How These Breweries Look to Educate on Kernza Benefits

The future of farming could lie in regenerative organic agriculture and the grain Kernza could be a part of it.

Kernza is ideally suited for organic regenerative agriculture. Its long roots and perennial growth allow it to thrive without pesticides and use less water than conventional wheat while helping to reduce erosion and remove more carbon from the atmosphere. 

And, as some breweries can attest to, it just so happens to make delicious beer. 

The upcoming issue of Brewer Mag’s print issue will feature a Q&A on the grain, but the breweries also shared with Brewer how they work on educating consumers on the benefits of using the grain.

All of Arizona Wilderness’ messaging around its Kenza Lager centered on the grain and what it can do for the climate and our world, explained Head of Production, Brad Miles. 

“We try to tell that story through the beer description on the cans and online, through blog posts on our website, and through social media posts,” he said. “Our staff are also trained to let customers know about Kernza whenever someone buys a pint of the beer.” 

As part of the partnership with Patagonia Provisions, which worked with 11 different breweries across the country, the company provided extensive education about Kernza and regenerative agriculture in general.  

READ MORE: Patagonia Launches New Partnership Program in Collaboration with Craft Breweries

“We used QR codes to both educate and elicit feedback from our customers when we first launched,” said Topa Topa CEO and founder Jack Dyer. “Further, we trained all of our employees and beer tenders on the benefits of regenerative agriculture.  

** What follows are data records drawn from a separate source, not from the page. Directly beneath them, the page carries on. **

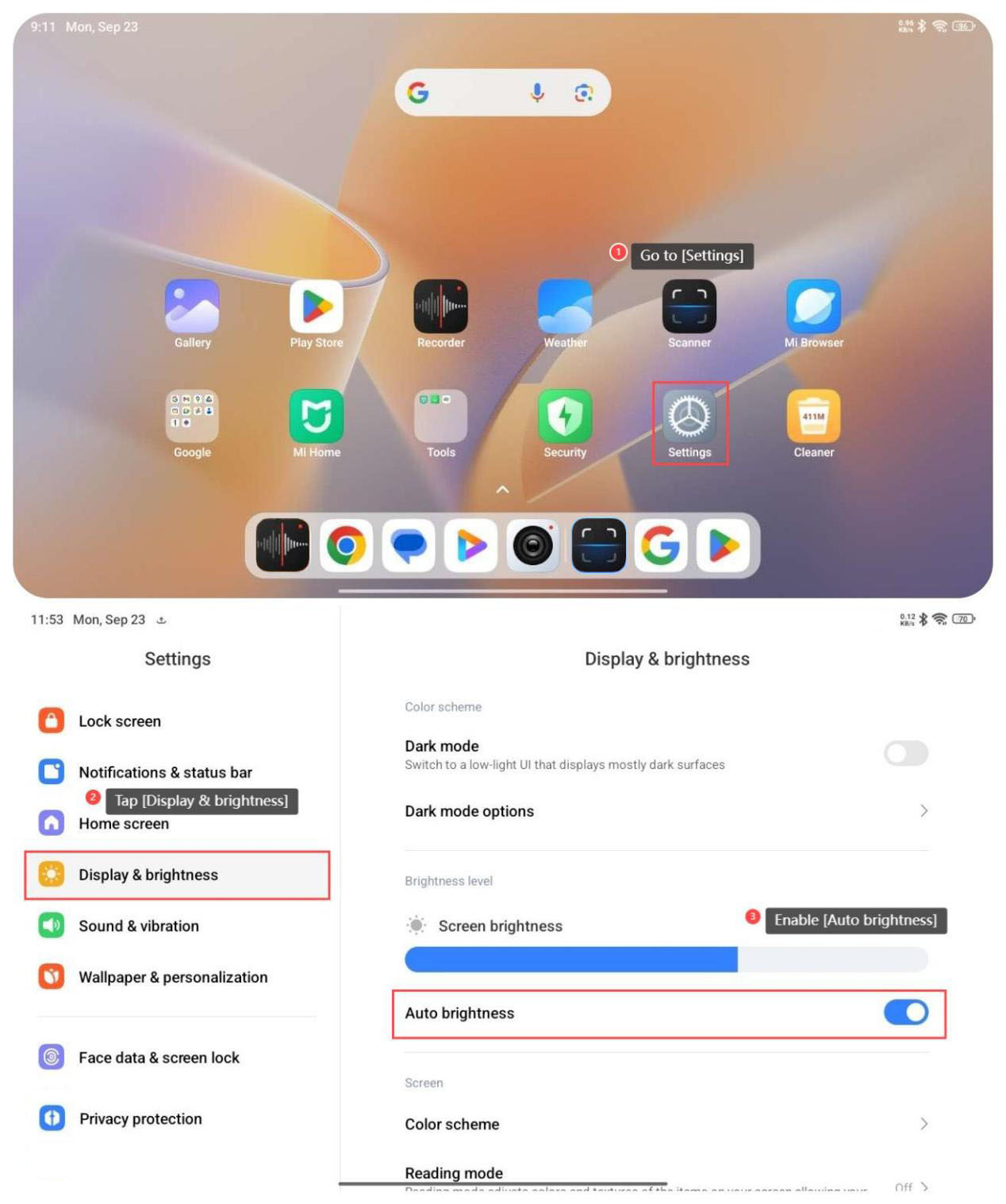 如何自動調整 Redmi Pad SE 8.7 的亮度?
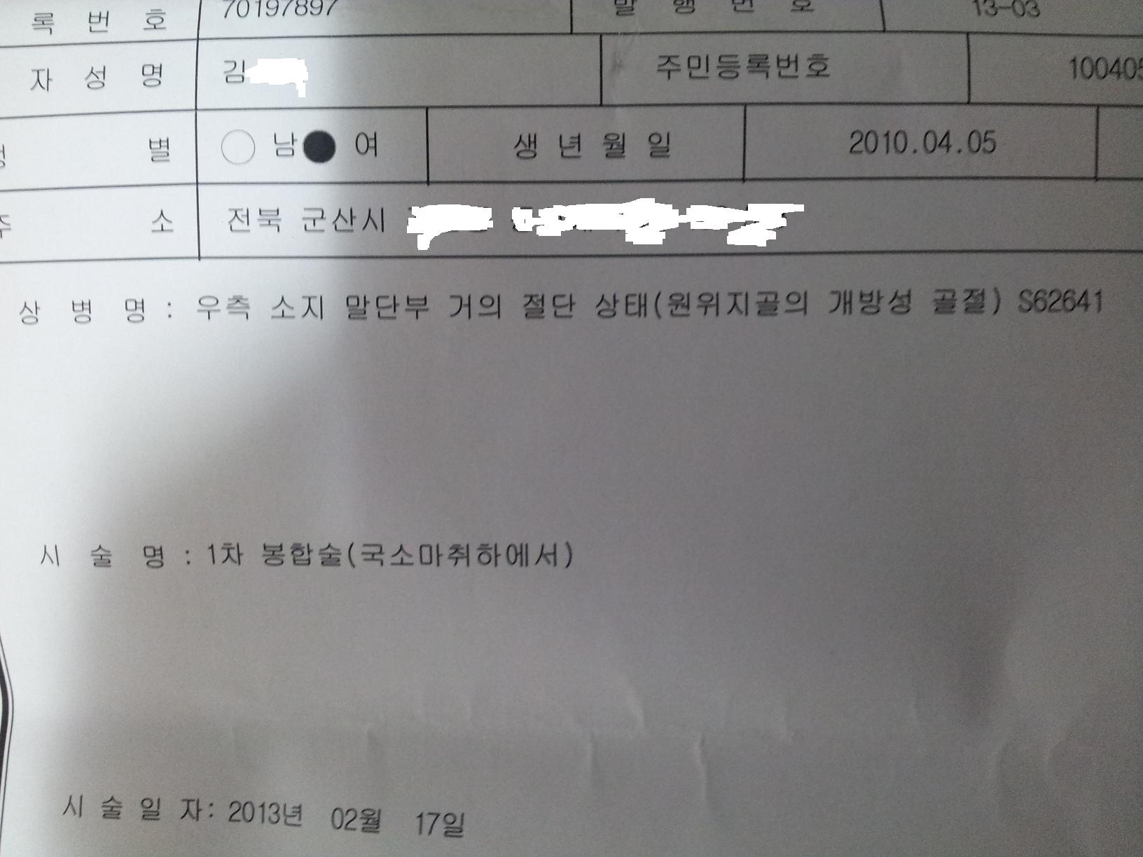 얼마전 4세 딸아이가 화장실문에 오른쪽 새끼손가락이 거의절단되서 동군산병원에서 봉합수술을 받았습니다.
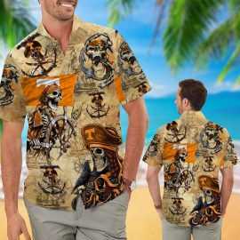 Tennessee Volunteers Pirates Aloha Hawaiian Button Up Shirt Retro Vintage Style
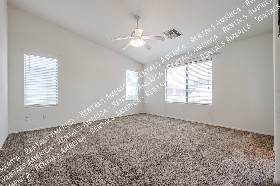 5 bedroom, 3 bathroom home ready for move in! Large open spaces on the first floor for comfortable living spaces. Spacious Master bedroom and bathroom on the second floor. Community is filled with playgrounds, walking trails. Close to schools, shopping and dining. Ideally located. Pets allowed, looking for small breeds.

“It’s been well received by both customers and employees.”

Trent Tokos, the VP of Marketing for Craft ‘Ohana (Maui Brewing & Modern Times) said that Patagonia was great with POS in taprooms along with social media awareness building campaigns in Patagonia stores and through all of their social media channels along with information on beer menus at taprooms and online.

“The concept of sustainable farming is first and foremost what we talk about,” said LUKI Brewery co-owner Jeff Smith.

“Many guests understand it takes a lot of water to create beer, but I think the farming aspect of grains and hops is quickly forgotten,” he said. “So, we talked about Kernza as one potential future of beer production and how the supply chain is taking climate change seriously.”